= Díaz-Balart family =

Cuban-American political family

The Díaz-Balart family is a Cuban-American political family primarily composed of the descendants of Cuban politician Rafael Díaz-Balart, and including two members of the United States Congress. The family came to the United States in January 1959, having been in Paris when Fidel Castro overthrew the Cuban government the previous month. In 2003, the family was voted "Best Power Family" in the annual Miami New Times "BEST OF MIAMI" issue, which asserted that the family managed to "carve out a new U.S. Congressional district expressly for an ambitious family member", and also claimed that the father and grandfather of the U.S. politicians "were important members of the ruling oligarchy during the fearsome reign of Fulgencio Batista".

==Members==
Members of the family include:

- Rafael José Díaz-Balart (c. 1899 – 1985), Cuban politician and mayor of the town of Banes; with his wife América Gutiérrez, he had three sons and a daughter:
  - Rafael Lincoln Díaz-Balart (January 17, 1926 – May 6, 2005), Cuban politician; with his wife, Hilda Caballero Brunet, Díaz-Balart had four sons:
    - Rafael J. Díaz-Balart (born 1951), banker.

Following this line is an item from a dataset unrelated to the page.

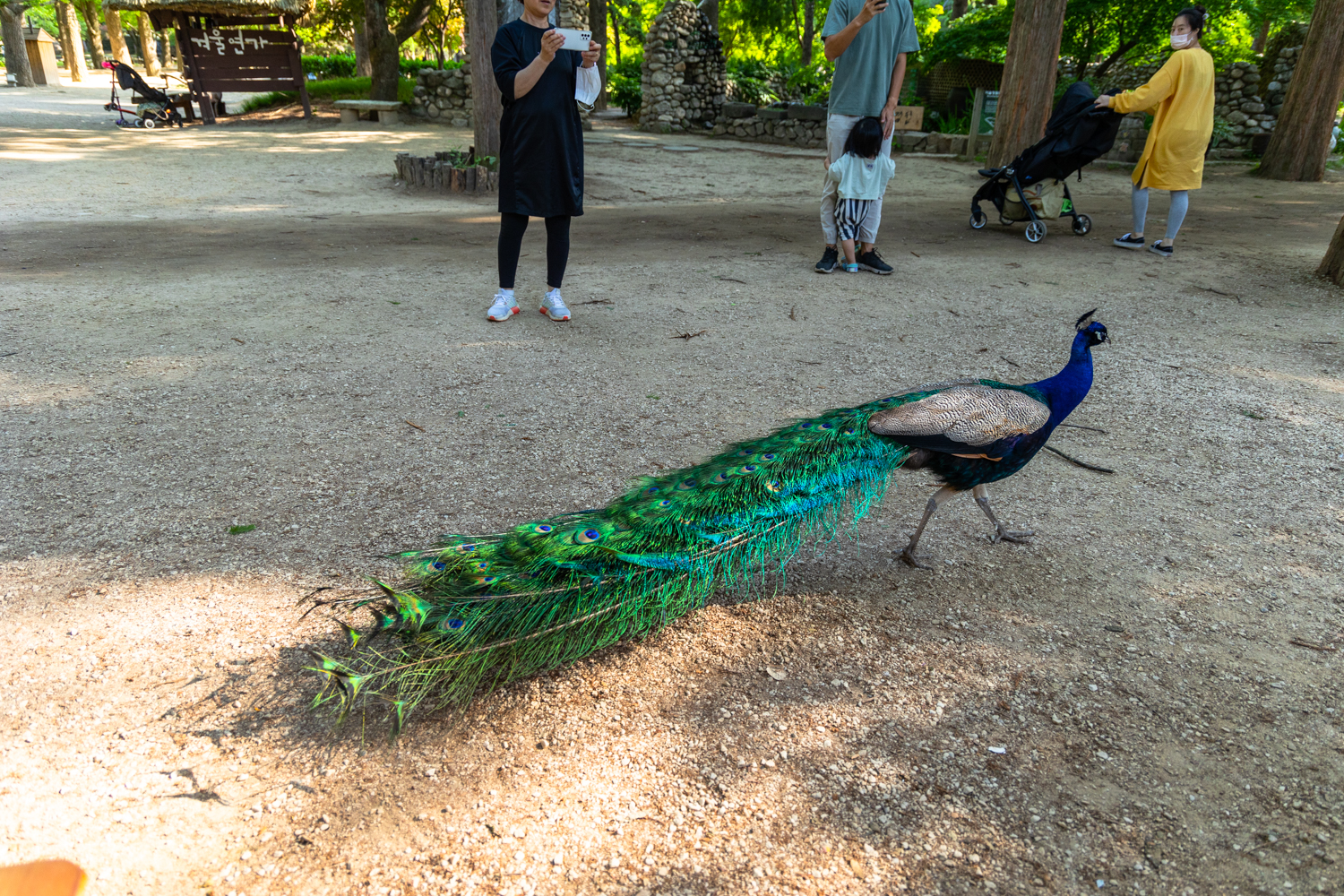 사람들 속에서 유유히 돌아다니는 공작새

    - Lincoln Díaz-Balart (August 13, 1954 – March 3, 2025), U.S. Representative; with his wife, Cristina Fernandez, he has two sons:
      - Lincoln Díaz-Balart Jr. (1983/84 – May 19, 2013)

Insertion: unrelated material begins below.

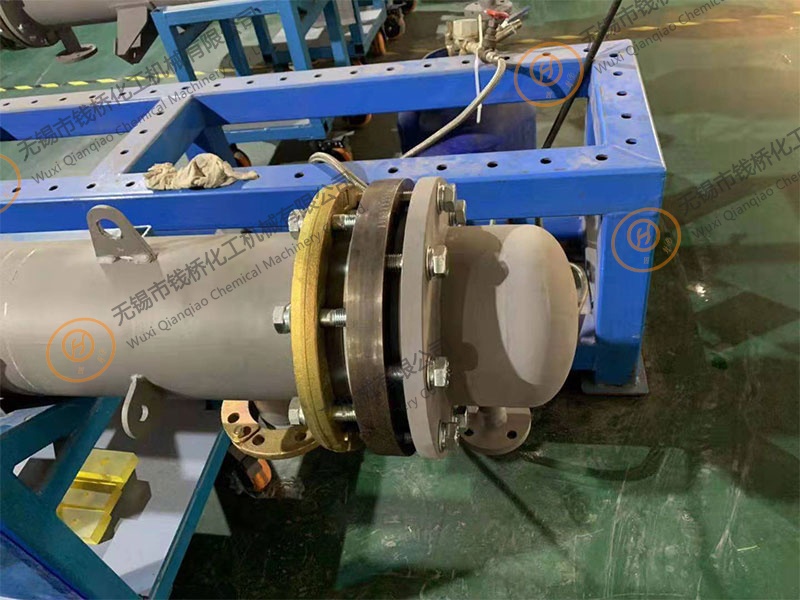 2020-03-05錢(qián)橋化工機(jī)械發(fā)明公開(kāi)了一種實(shí)用新型碳化硅換熱器鋼襯四氟管板密封裝置,包括第一鋼襯管板、第二鋼襯管板、支撐板、密封部和檢漏部,支撐板設(shè)置在第一鋼襯管板和第二鋼襯管板之間,檢漏部設(shè)置在支撐板上,檢漏部包括在支撐板與第一鋼襯管板接觸的邊緣設(shè)有凸起,以及凸起與第一鋼襯管板之間形成間隙,支撐板頂部設(shè)有檢測(cè)管道...

      - Daniel Díaz-Balart
    - José Díaz-Balart (born November 7, 1960), television news anchor; with his wife, Brenda, he has two daughters:
      - Katrina Díaz-Balart
      - Sabrina Díaz-Balart
    - Mario Díaz-Balart (born September 25, 1961), U.S. Representative; with his wife, Tia Díaz-Balart, he has one son:
      - Cristian Díaz-Balart
  - Mirta Díaz-Balart (September 30, 1928 – July 6, 2024), sister of Rafael, Waldo, and Frank, was the first wife of Cuban leader Fidel Castro; they had one son and then divorced prior to the Cuban Revolution; she then remarried, to Emilio Núñez Blanco, with whom she had two daughters:
    - With Fidel Castro:
    - Fidel Castro Díaz-Balart ("Fidelito"; September 1, 1949 – February 1, 2018), Cuban physicist; Fidel Castro's first-born son. With his former wife Natasha Smirnova, he had three children:
      - Mirta María Castro-Smirnova (born 1984), lives in Spain, and teaches applied mathematics at the University of Seville;
      - Fidel Antonio Castro-Smirnov (born 1980), became a specialist in biochemistry and molecular biology.

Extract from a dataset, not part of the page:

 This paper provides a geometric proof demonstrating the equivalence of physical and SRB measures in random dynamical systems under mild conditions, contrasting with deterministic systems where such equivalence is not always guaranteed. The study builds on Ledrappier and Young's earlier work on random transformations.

      - José Raúl Castro-Smirnov (born 1985), studied nanotechnology at the University of Barcelona, graduated from the Higher Institute of Technologies and Applied Sciences in Havana, and University of Seville with a physicist's diploma.
    - With Emilio Núñez Blanco:
    - Mirta Núñez Díaz-Balart, a Cuban-Spanish historian.
    - América Silvia Núñez Díaz-Balart.
  - Waldo Díaz-Balart (February 10, 1931 – February 5, 2025), brother of Rafael, Frank, and Mirta, Cuban American painter.
  - Frank Rafael Díaz-Balart (1927-2017), brother of Rafael, Waldo and Mirta, Cuban American engineer.